22. We understand the policy objective in raising the age limit for young people in the youth justice system is to decrease the level of reoffending among young people. Evidence indicates that including 17-year-olds in the youth justice system would reduce the reoffending rate of 17-year-olds within the Youth Court by 15 percent. We consider this to be a sufficiently important objective, and that the limit is rationally connected with the objective to reduce reoffending.

23. The right is impaired no more than reasonably necessary. The age of 18 is often used as a proxy for the level of responsibility and maturity required to make significant financial and legal decisions. This is reflected, for example, in the voting age and residential tenancies provisions. The proposal also aligns the principal Act with the United Nations Convention on the Rights of the Child (‘the UNCROC’). The UNCROC defines a “child” as “every human being below the age of 18 years unless under the law applicable to the child, majority is attained earlier”. For these reasons, we also consider the limit to be in due proportion to the importance of the objective.

24. We therefore consider including 17-year-olds in the youth justice system appears to be consistent with the right to be free from discrimination affirmed by s 19(1) of the Bill of Rights Act.

Transfer of a young person aged 17 years to the District Court or High Court for serious offending

25. The Bill includes a further distinction on the prohibited ground of age. The Bill inserts new s 276A into the principal Act to require the Youth Court to transfer a 17-year-old to the District Court or High Court where they are charged with an offence punishable by imprisonment of 14 years or more (‘a serious offence’). We note this is a mandatory transfer to the adult jurisdiction. Discretion for the Youth Court to transfer young people to the adult jurisdiction for sentencing exists under the principal Act, and is further developed under the Bill.

26. The clause draws a distinction between 16-year-olds and 17-year-olds who have been charged with a serious offence. The Bill creates a material disadvantage for 17-year- olds who have been charged with such an offence, as they would be subject to tougher penalties in the adult criminal jurisdiction than their younger counterparts who may have committed the same offence.

27. We therefore consider provisions requiring the Youth Court to transfer 17-year-olds accused of committing serious offences to the adult jurisdiction to be a prima facie limitation on s 19(1) of the Bill of Rights Act.

Is the limitation justified and proportionate under s 5 of the Bill of Rights Act?

28. The objective of requiring the Youth Court to transfer 17-year-olds charged with serious offences to the adult jurisdiction is to maintain public confidence in the justice system. It is also intended to act as a deterrent by sending a message to young people and the public that some 17-year-olds, due to their age, will be subject to tougher penalties in a

District or High Court. We consider these objectives to be sufficiently important to justify some limit on s 19(1).

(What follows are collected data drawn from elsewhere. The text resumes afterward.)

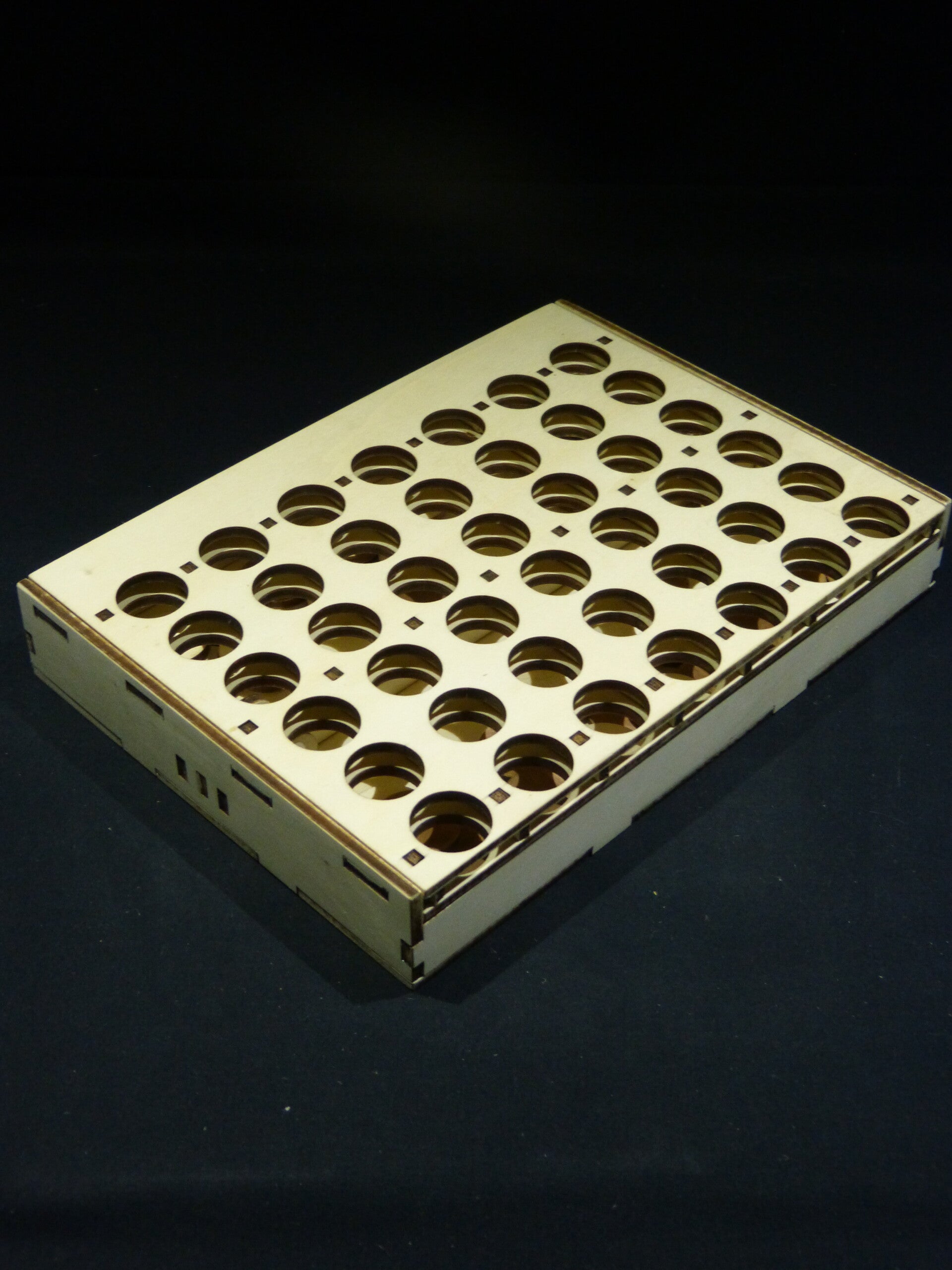 Le jeu de Puissance 4 comprend un plateau de 42 trous et des jetons, 21 marrons et 21 blancs. Chaque pièce mesure 0,5 cm d'épaisseur.
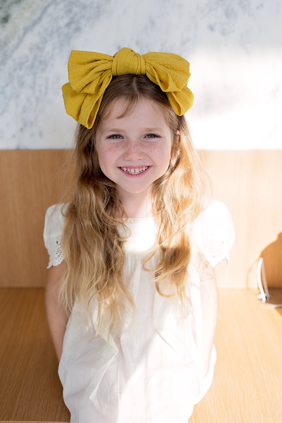 Folded Layers of muslin gauze forming an oversized bow on a hard headband.
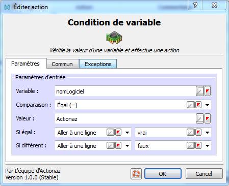 L'action Condition de variables
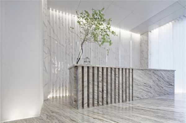 空间结构由下往上表现为由重到轻的形态与质感,空间气质凝练而彰显气度。悬挂的艺术吊顶,采用特殊工艺制成轻盈的弧形纸带铺陈,垂坠的点点灯光缀之,仿似日光倾洒下荡漾着幽幽粼光的江面,与地面石材的纹理轻语呼应,形成空间的意境。灵动感、表象性、光泽度、时尚感,共同构成格调空间当代美学的重要元素,象牙白大理石,轻盈质感的玻璃、亚克力,天然木材……呈现轻柔温和的动态美感。

29. However, we note that the Regulatory Impact Statement for the policy considered that evidence from empirical studies suggests that, in the justice system generally, the threat of imprisonment generates a small general deterrent effect. Further, the effect on young people is likely to be even less, as the parts of the brain that govern risk-taking behaviour, impulse control, and process long-term consequences are yet to fully

develop.7

30. We also understand that the provisions in the Bill are intended to address public concerns about including 17-year-olds in the youth justice system. It is unclear whether requiring the Youth Court to transfer 17-year-olds charged with serious offences to the adult jurisdiction will maintain public confidence in the justice system. However, Butler and Butler note that:8

“While sometimes age is used as a reasonably arbitrary cut-off point to determine eligibility for, say, social welfare entitlements, and this can be acceptable, in other circumstances age reflects more or less unthinking assumptions about the capacities of persons within certain age categories that seek to stereotype or stigmatise all individuals within the group.”

31. We consider that lines have to be drawn within the youth justice system, given that it is an inherently age-based system focused on the rehabilitation and reintegration of young people. As discussed above, despite the provisions requiring mandatory transfers of 17-year-olds to the adult jurisdiction for serious offending, the basic justifications of the youth justice system are retained and it is a matter of policy as to where lines are drawn.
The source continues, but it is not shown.